*Aim of the task*: All entries are to be transcribed exactly. Pictures are not part of the copy.

*Exercise material*:
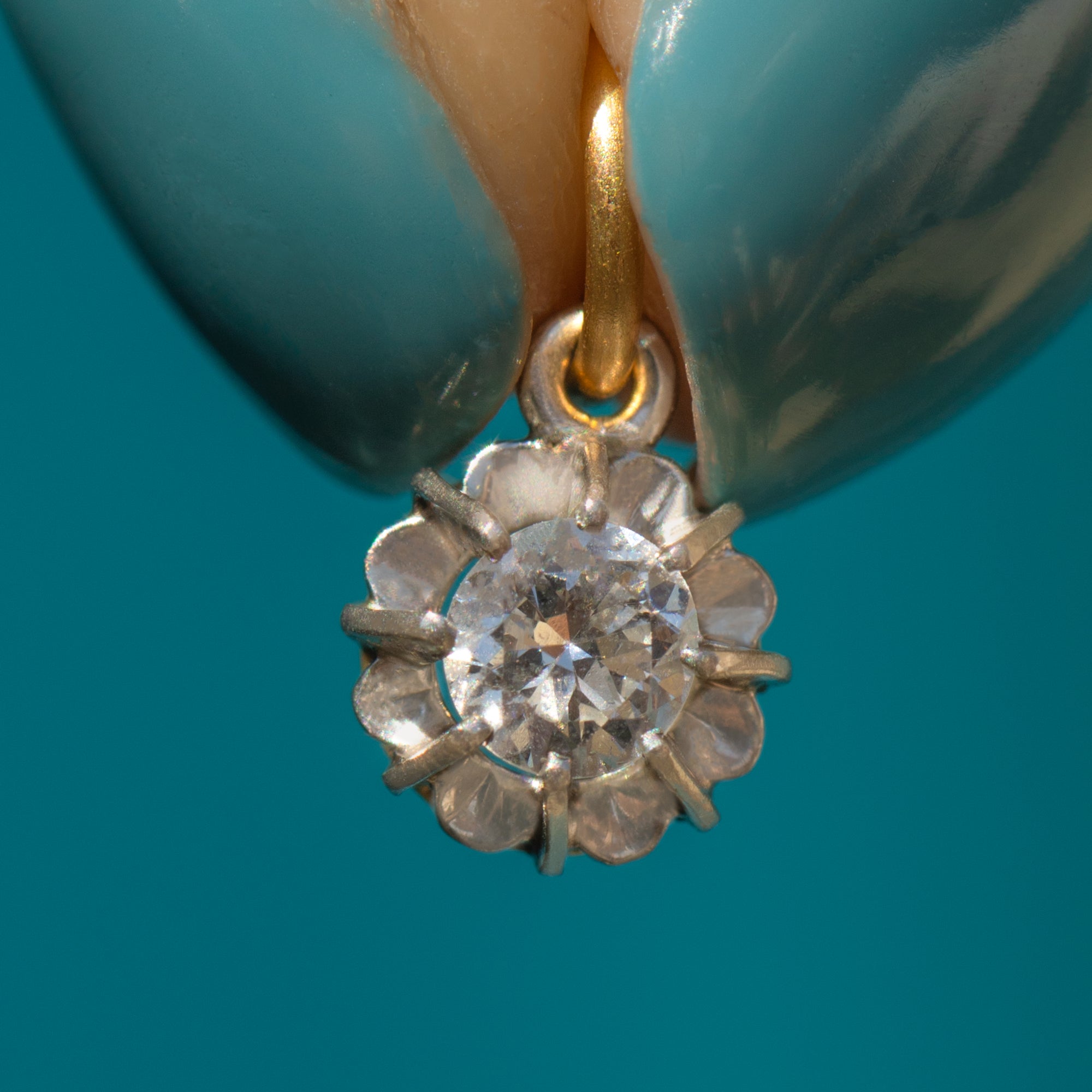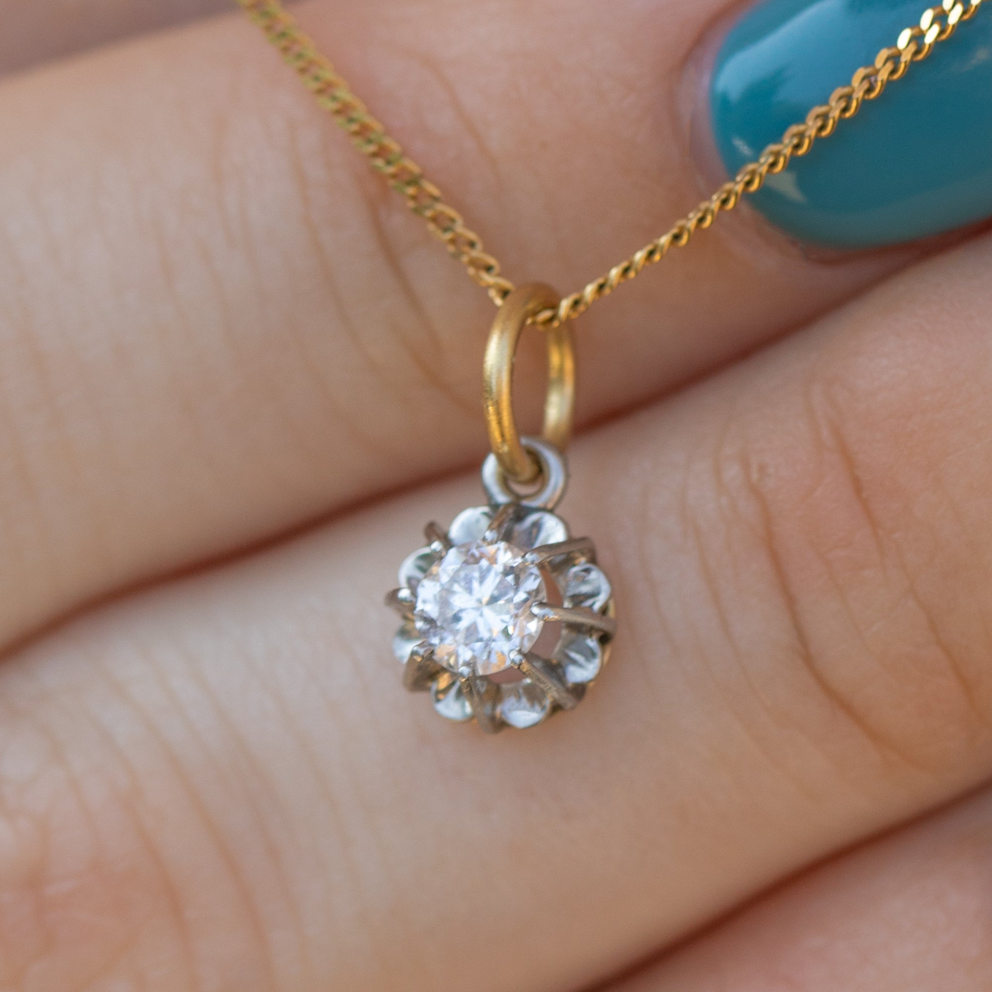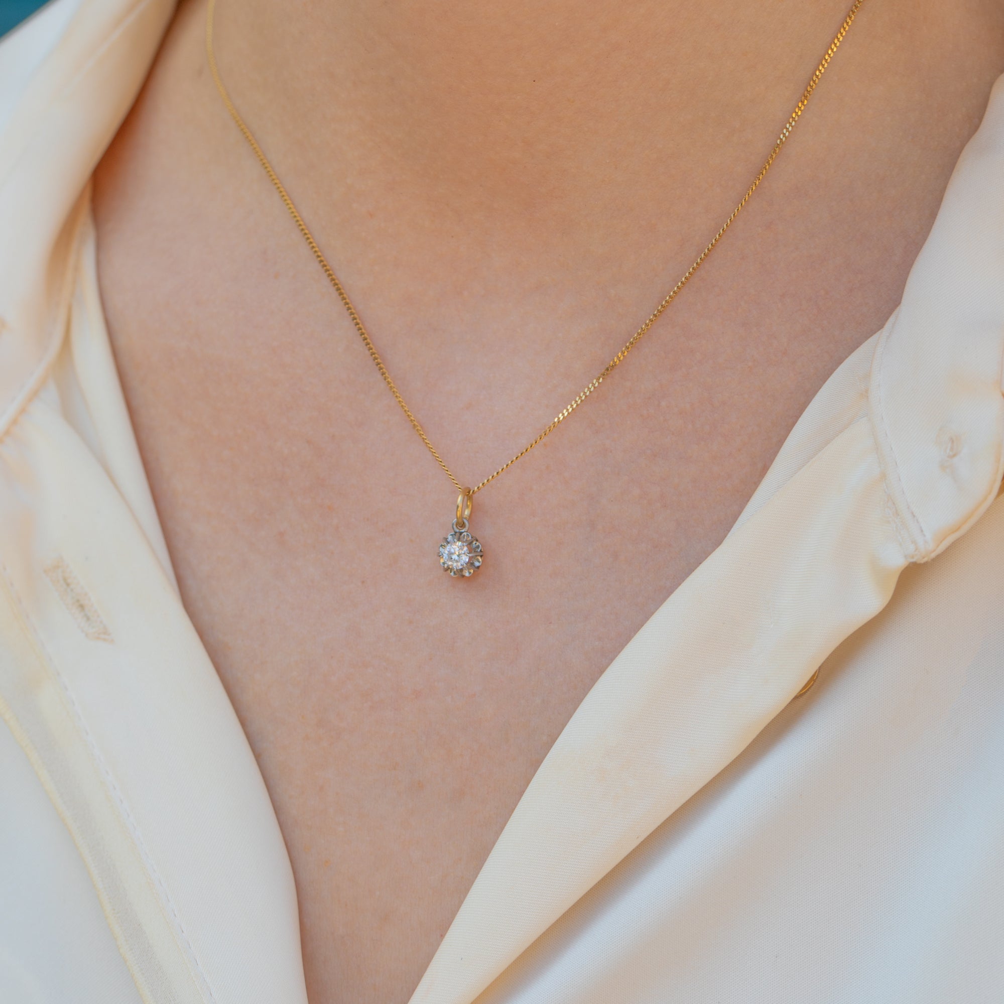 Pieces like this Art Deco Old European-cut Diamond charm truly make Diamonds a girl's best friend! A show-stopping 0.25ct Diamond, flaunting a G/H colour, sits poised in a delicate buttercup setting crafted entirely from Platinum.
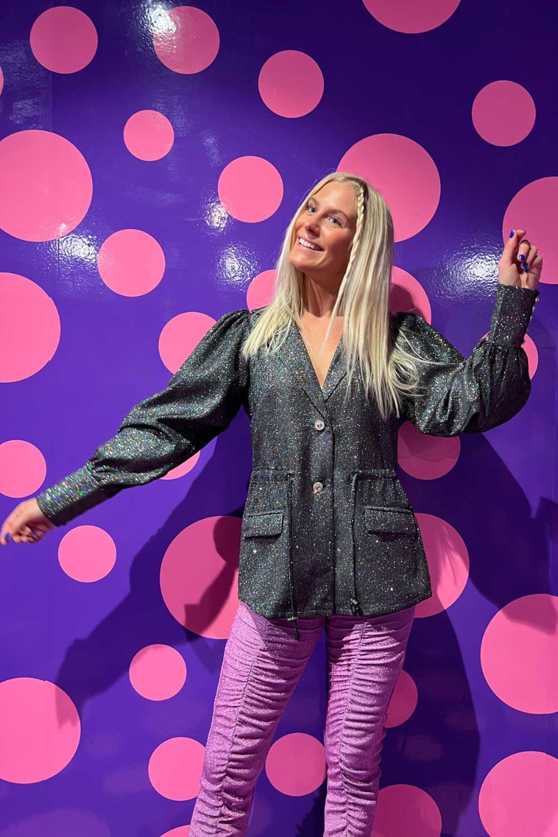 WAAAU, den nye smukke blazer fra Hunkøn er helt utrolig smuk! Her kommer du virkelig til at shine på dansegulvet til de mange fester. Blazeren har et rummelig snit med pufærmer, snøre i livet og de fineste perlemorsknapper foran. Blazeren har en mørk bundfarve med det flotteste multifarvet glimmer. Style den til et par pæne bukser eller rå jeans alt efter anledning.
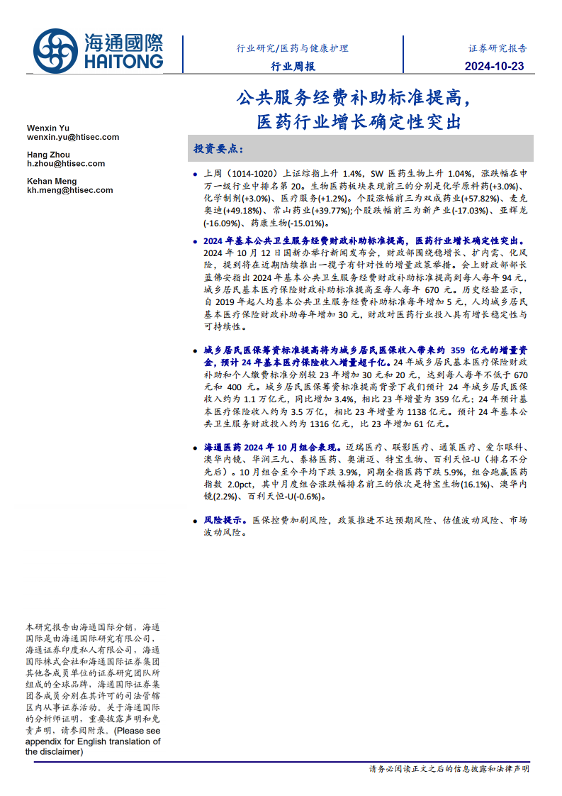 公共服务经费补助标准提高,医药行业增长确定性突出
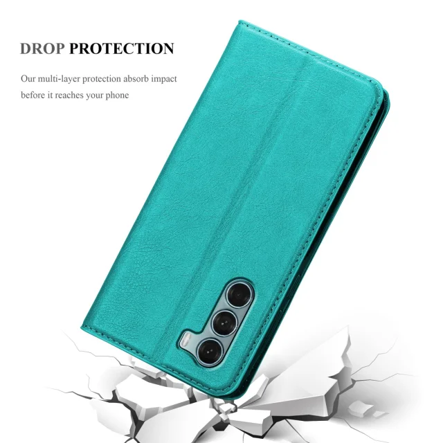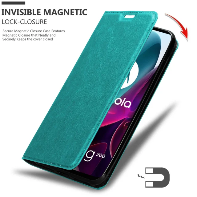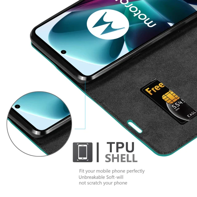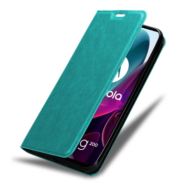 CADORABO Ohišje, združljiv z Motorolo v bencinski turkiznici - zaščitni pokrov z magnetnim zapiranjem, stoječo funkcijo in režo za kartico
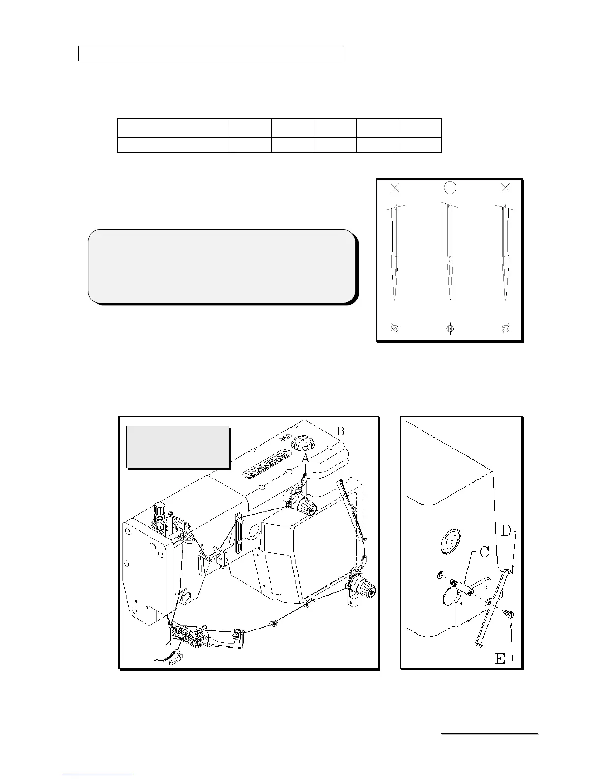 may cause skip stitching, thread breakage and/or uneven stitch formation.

*Task response*:
 Pieces like this Art Deco Old European-cut Diamond charm truly make Diamonds a girl's best friend! A show-stopping 0.25ct Diamond, flaunting a G/H colour, sits poised in a delicate buttercup setting crafted entirely from Platinum.
 WAAAU, den nye smukke blazer fra Hunkøn er helt utrolig smuk! Her kommer du virkelig til at shine på dansegulvet til de mange fester. Blazeren har et rummelig snit med pufærmer, snøre i livet og de fineste perlemorsknapper foran. Blazeren har en mørk bundfarve med det flotteste multifarvet glimmer. Style den til et par pæne bukser eller rå jeans alt efter anledning.
 公共服务经费补助标准提高,医药行业增长确定性突出
 CADORABO Ohišje, združljiv z Motorolo v bencinski turkiznici - zaščitni pokrov z magnetnim zapiranjem, stoječo funkcijo in režo za kartico
 may cause skip stitching, thread breakage and/or uneven stitch formation.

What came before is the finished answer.